Personal information
- Nickname: Magic
- Born: 31 January 1988 (age 38) The Hague, Netherlands

Darts information
- Playing darts since: 2005
- Darts: 22 Gram
- Laterality: Right-handed
- Walk-on music: The Hum by Dimitri Vegas & Like Mike Ft. Ummet Ozcan

Organisation (see split in darts)
- BDO: 2009–2015
- PDC: 2016–

WDF major events – best performances
- World Masters: Last 48: 2013
- Finder Masters: Last 24 Group: 2013, 2014

PDC premier events – best performances
- World Championship: Last 96: 2019
- UK Open: Last 64: 2017

Other tournament wins
- Tournament: Years
- Sunparks Masters: 2015

= Yordi Meeuwisse =

Dutch darts player

Yordi Meeuwisse (born 31 January 1988) is a Dutch professional darts player who competes in Professional Darts Corporation events.

==Career==

===BDO===

In 2013, Meeuwisse made his television debut at the Zuiderduin Masters. In his first group match he lost to Ross Montgomery 5–2. Meeuwisse booked an impressive win over Robbie Green 5–4 in the second game. However, it was not enough to come through the group stage. Yordi was also qualified for the Zuiderduin Masters of 2014. After beating Co Stompé 5–2 in his first match, he lost to Tony O'Shea 5–3 in the second game.

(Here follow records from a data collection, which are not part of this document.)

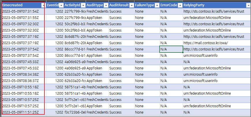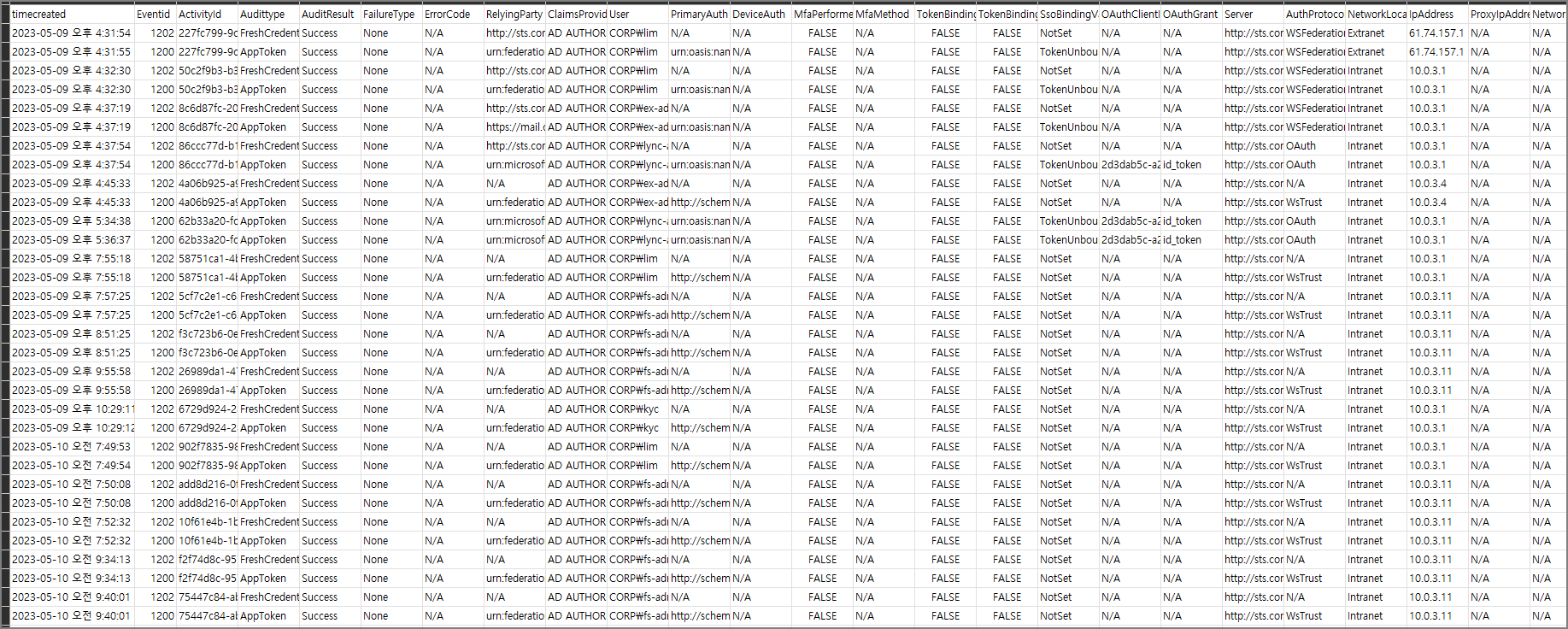 아래와 같이 각각의 속성을 확인하며 로그인 기록을 관리할 수 있습니다.
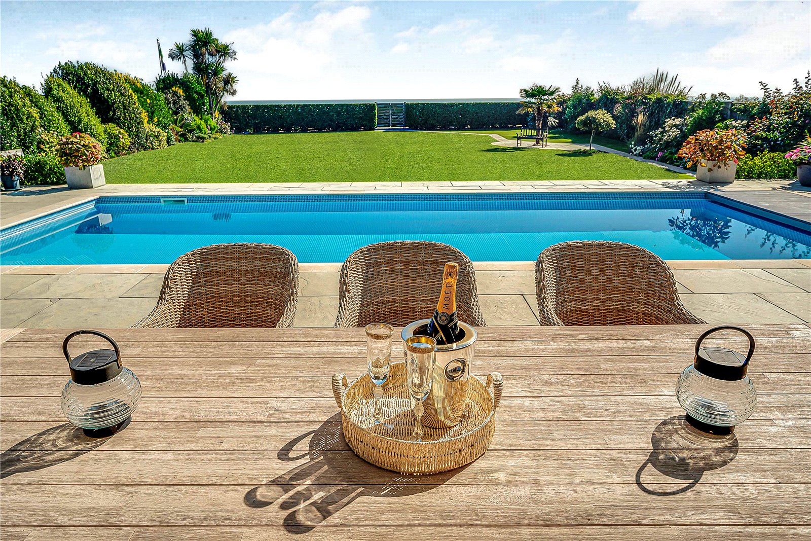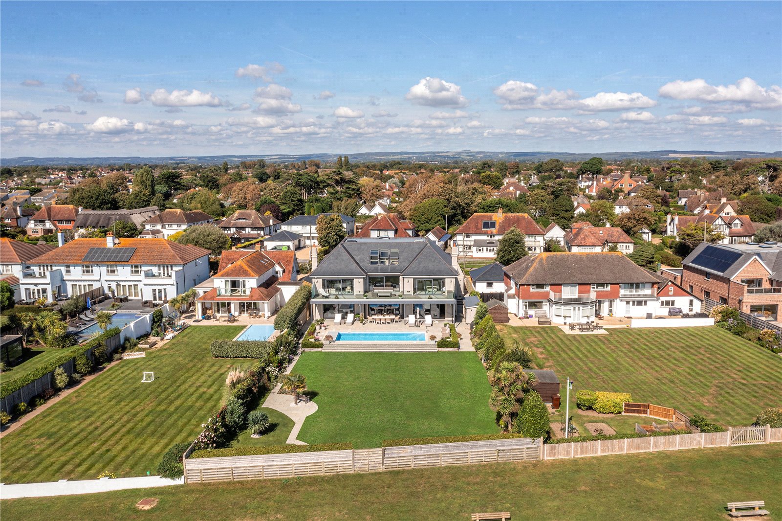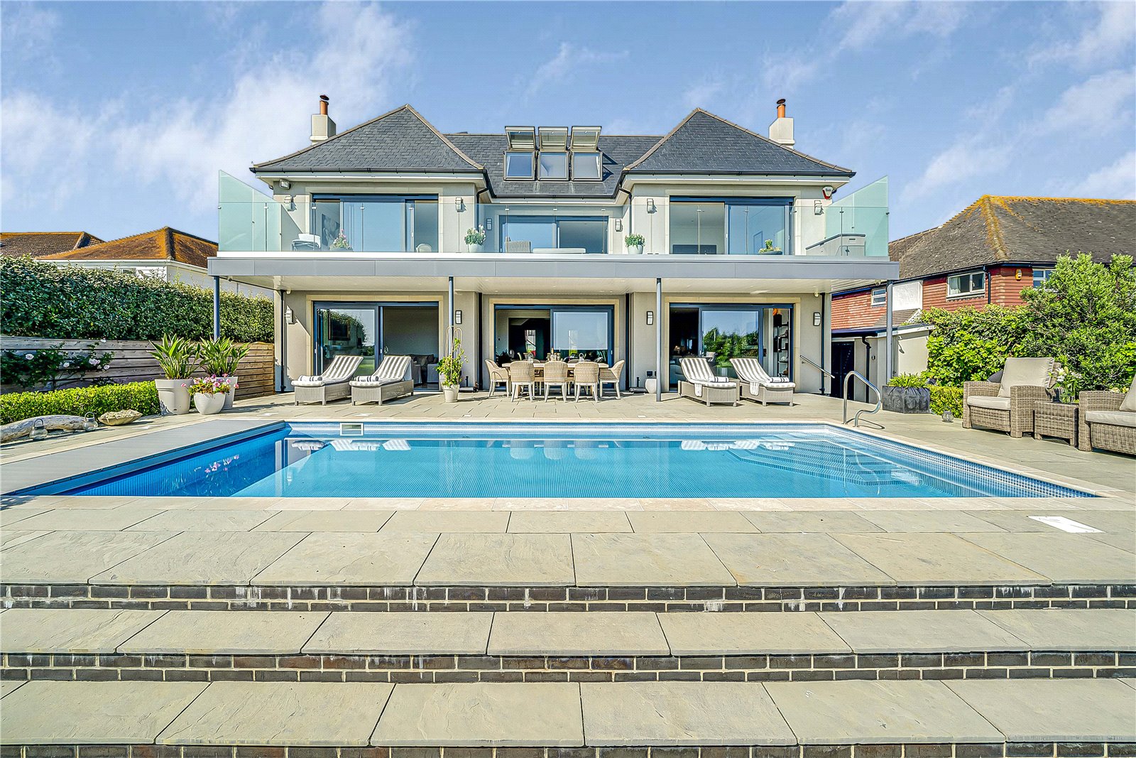 Situated on a prestigious private estate in West Sussex, this elegant seafront home offers just under 6500 sqft of luxury living. Enjoy unobstructed panoramic English Channel vistas, a heated outdoor pool, and a sun-soaked south-facing garden with direct access to a privately owned greensward and tranquil beach.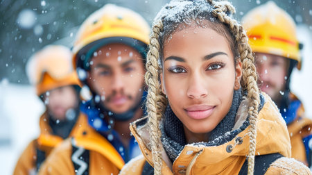 A group of firefighters stands attentively, wearing helmets and gear, ready to respond. The leader, with a focused expression, exemplifies teamwork and dedication in preparation for an emergency response drill.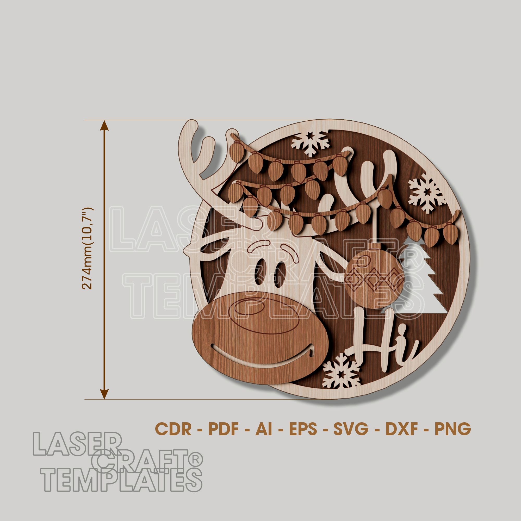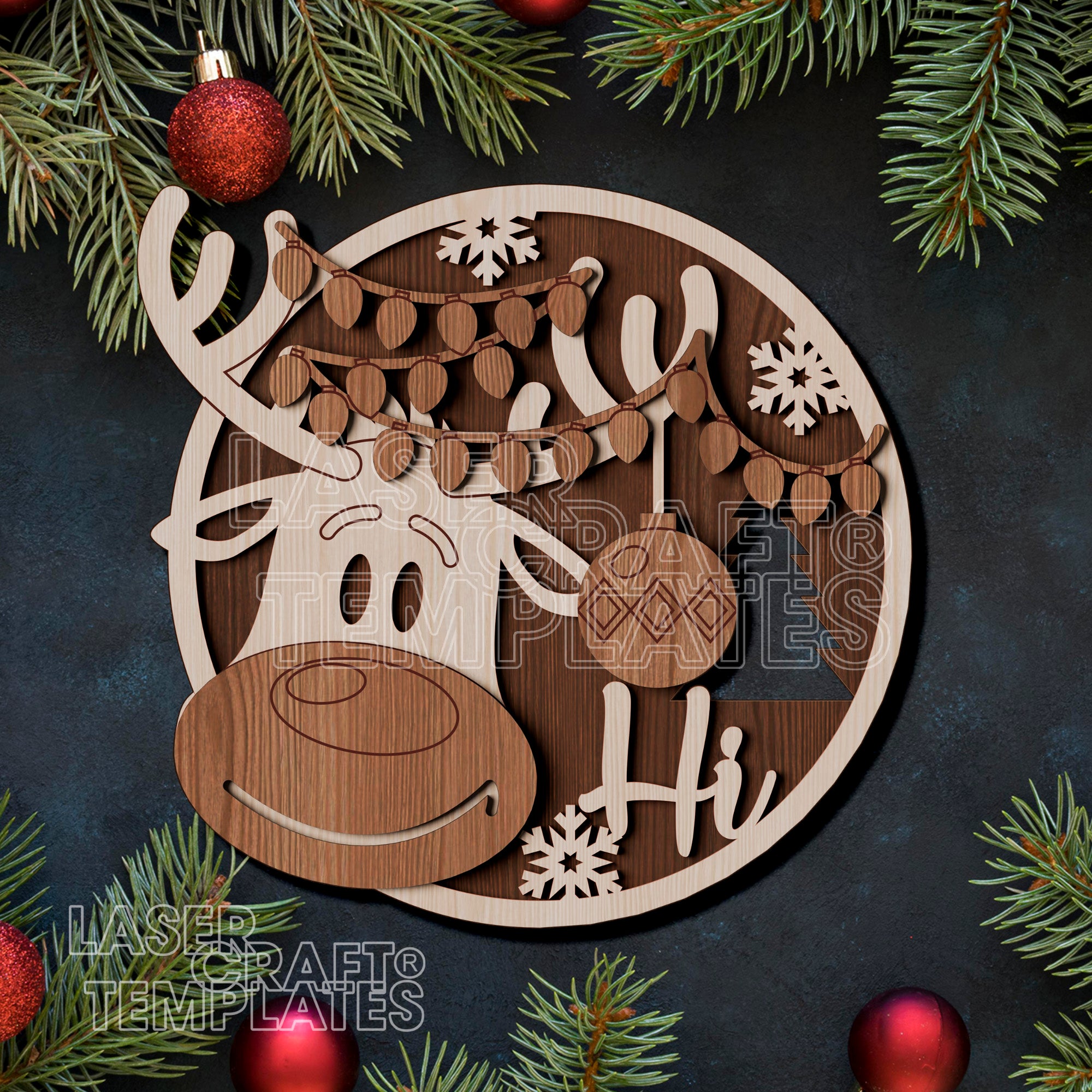 🔹 Christmas Reindeer Round Door Hanger laser cut svg file
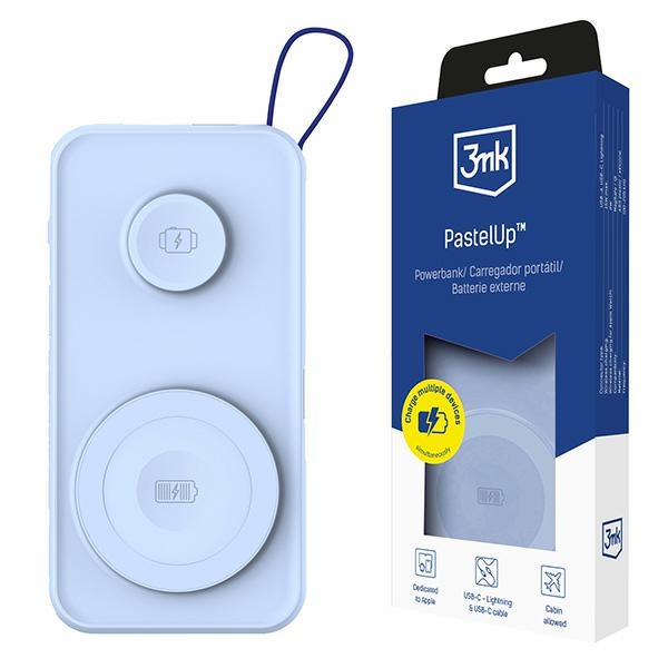3MK Powerbank PastelUp 10,000mAh 22.5Wz Magsafe + įkrovimas Apple Watch mėlynos spalvos

In 2015 Meeuwisse won the Sunparks Masters, having beaten the Lakeside champion Scott Mitchell 3–0 in the final.

===PDC===
In January 2016, Meeuwisse entered PDC Qualifying School. After losing in the final round on the second day, Meeuwisse secured a tour card by winning the final round on the last day. He qualified for the UK Open, where he lost 6–3 to Robbie Green in the second round. Meeuwisse qualified for his first European Tour event in September, the International Darts Open. In the first round he trailed 5–2 to Brendan Dolan, but managed to win 6–5. He received a bye into the third round after Daryl Gurney withdrew and averaged 100.49 during a 6–2 win over Ryan Meikle to play in his first quarter-final, but lost 6–1 to Mensur Suljović.

In October 2018, Meeuwisse qualified for the PDC World Championship by winning the Western Europe Qualifier. A first round loss at Alexandra Palace to William O'Connor was followed by a visit to PDC European Q-School by Meeuwisse in January 2019.

He was unable to secure one of the four direct Tour Cards on offer, but Meeuwisse finished third on the Order of Merit to seal a PDC Tour Card for the first time and at least two years on the PDC ProTour.